Live out your “A River Runs Through It” fantasies at one of the nation’s top-rated fly-fishing destinations: Bend. As if you needed more convincing, there’s even a fly-fishing casting park (Orvis Old Mill Casting Course)in town where you can work on your technique. If you’ve already made the cover of “Fly Fisherman”, you’ll want to spend most of your time instead on the Deshutes or the Metolius Rivers, two world class waterways but a cast away. In addition to these angling A-list spots find plenty of local lakes, reservoirs and remote creeks.
There are more than 25 golf courses in the Bend area, including an indoor golf center for those blustery days. Which should suit most golfers to a tee. Less than 15 miles from Bend is Sunriver Resort, a noteworthy golf destination home to not one but three championship courses. Okay, so it might not be golf technically, or even in the golf family, but there also happens to be an 18-hole disc golf course in Bend, which hosts the annual Lava Launch tournament. This one closes seasonally, so plan accordingly.
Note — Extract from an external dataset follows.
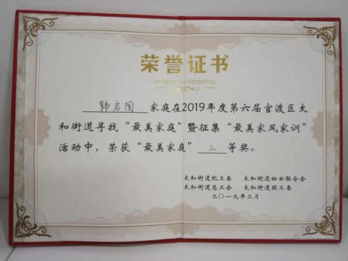 經(jīng)大賽評(píng)審團(tuán)考評(píng),韓啟國(guó)家庭在第六屆官渡區(qū)太和街道“最美家庭”暨征集“最美家風(fēng)家訓(xùn)”活動(dòng)中,榮獲“最美家庭”三等獎(jiǎng)。(云南郵政工會(huì))

Feeling ambitious? Trade your skis in for a pair of hiking shoes once spring sunshine thaws the snowpack on Mount Bachelor and head to the top. It’s a 9,065 foot summit on a good day, so if you’re not feeling quite that energetic consider hopping the Pine Martin lift up to 7,775 feet. If you’d rather forgo such heights altogether, stick to the comforts of 3,600 feet and do some footwork on easy trails like loops in Pilot Butte State Park or Farewell Bend Park. Some of the most scenic trails score Smith Rock State Park, an easy drive to the north. Bend also gets a big thumbs up when it comes to trail running. Fear hiking won’t get you from point A to point B quick enough? Swap those heavy hiking shoes out for a pair of trail shoes and get to it.
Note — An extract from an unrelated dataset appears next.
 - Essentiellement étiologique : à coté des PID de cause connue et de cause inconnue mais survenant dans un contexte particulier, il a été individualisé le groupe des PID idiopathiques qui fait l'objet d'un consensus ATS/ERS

It is so easy to wax eloquent about the mountain biking around Bend that one might be tempted to say nothing at all in the interests of keeping trail traffic down. Seeing as we’ve already let this particular cat out of the bag, let it be noted that there is an abundance bike shops, bike tours and all other things bike in this free-wheeling Central Oregon town. But it’s not all mountain biking; there are also a number of routes that are road biker friendly, including a 19 mile ride on Route 22 around Bend. Which is a good way to get a feel for the area, if anyone’s asking.
7. Bend Ale Trail
Where else but Bend can you combine craft beer with cardio? Well, there may be places but for the sake of argument, let’s just assume that the Bend Ale Trail is your dream hike. As it should be, if you like beer at all. Bend is home to seven craft breweries within (easy) walking distance of one another. Even if you’ve already had a few. The Visit Bend Welcome hands out souvenir Bend Silipints (this durable, reusable silicone pint glass is made by a local company) to those who get their beer passport (available in the Discovery Map of Central Oregon) stamped at all seven breweries.
8. White Water Rafting
You may have gotten a glimpse of the Deschutes river while bird watching, fishing, hiking or biking. But for a really personal river encounter the obvious (and obviously seasonal) choice is a rafting run down one of its hairier stretches. Local operators offer everything from short, two-hour floats to multi-day expeditions on the Lower Deschutes and North Umpqua. Not slavering yet? Then consider the Raft and Brew events - think microbrew and river mayhem. Are we there yet?
9. Bird Watching
Between mountains, high plateau desert, lava flows and riparian habitats, birders in the Bend area are spoiled for beaks. Bohemian Waxwings flitter around local birding hotspots like Pilot Butte, while it’s elusive Pygmy Owls that flutter in the foliage of Shevlin Park. Oregon birding trails include a number of stops in the peaks to the west, like Swampy Lakes, in Deschutes National Forest, and Round Mountain.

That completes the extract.